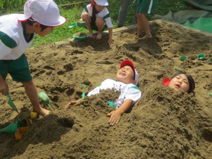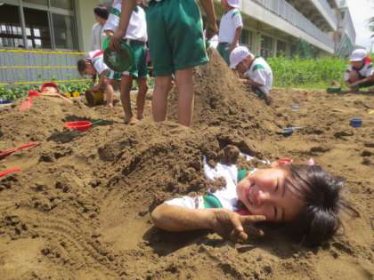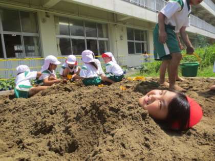 2組のブームは、土に埋まること。ひんやりとした土が気持ちがいいようです。
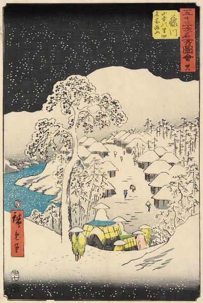This woodblock print, Bikuni Bridge in Snow, was made by Utagawa Hiroshige, likely in the 1850s. The scene depicts a common sight of everyday life in Japan, transformed by falling snow. Hiroshige was part of the Ukiyo-e school, which was supported by the rise of a prosperous merchant class in the Edo period. Artists of this school typically depicted urban life and landscapes, and their works were made available to a wide public. Note the carefully placed figures, bridge and signage, all of which are framed by snow. The print hints at the economic activity supporting the artistic movement. Further, this artwork also speaks to the urbanization and growing commercialization of Japanese society during the Edo period. The ability to produce and distribute prints like these relied on complex social and economic networks. By consulting historical records, economic data, and studies of urban development, we can gain a greater understanding of this artwork and its role in the visual culture of its time.
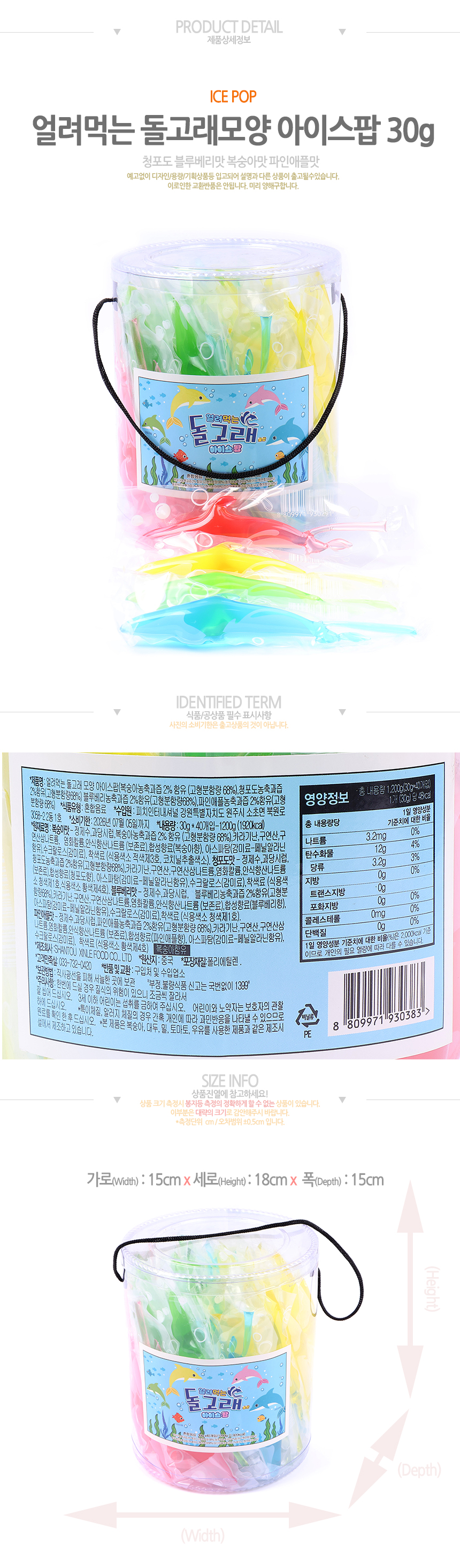 얼려먹는 돌고래모양 아이스팝 (30g*40입)(통)
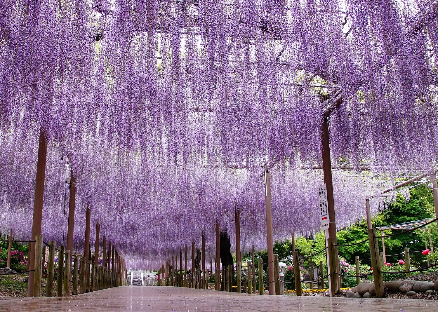 昼は華やかに、そして午後6時30分から9時までは藤棚のライトアップも行われ、幻想的な雰囲気へと表情を変えます。春の夜に光り輝く藤の花は訪れる人々を魅了します。
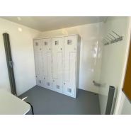 Une base vie de chantier sur roues est aménagée de manière à offrir le plus de commodité possible aux équipes de travail restant sur place. Elle est composée de plusieurs compartiments dédiés au réfectoire, au bureau, à la cuisine, au vestiaire, aux sanitaires. C’est le type d’abri de chantier mobile le plus complet en termes d’équipements et d’aménagement.

______

§ **Task goal**
Look above for the line containing "This woodblock print, Bikuni", then write out every line from there down to the line containing "昼は華やかに、そして午後6時", that line included, with no pictures.

§ **Answer to this task**
This woodblock print, Bikuni Bridge in Snow, was made by Utagawa Hiroshige, likely in the 1850s. The scene depicts a common sight of everyday life in Japan, transformed by falling snow. Hiroshige was part of the Ukiyo-e school, which was supported by the rise of a prosperous merchant class in the Edo period. Artists of this school typically depicted urban life and landscapes, and their works were made available to a wide public. Note the carefully placed figures, bridge and signage, all of which are framed by snow. The print hints at the economic activity supporting the artistic movement. Further, this artwork also speaks to the urbanization and growing commercialization of Japanese society during the Edo period. The ability to produce and distribute prints like these relied on complex social and economic networks. By consulting historical records, economic data, and studies of urban development, we can gain a greater understanding of this artwork and its role in the visual culture of its time.
 얼려먹는 돌고래모양 아이스팝 (30g*40입)(통)
 昼は華やかに、そして午後6時30分から9時までは藤棚のライトアップも行われ、幻想的な雰囲気へと表情を変えます。春の夜に光り輝く藤の花は訪れる人々を魅了します。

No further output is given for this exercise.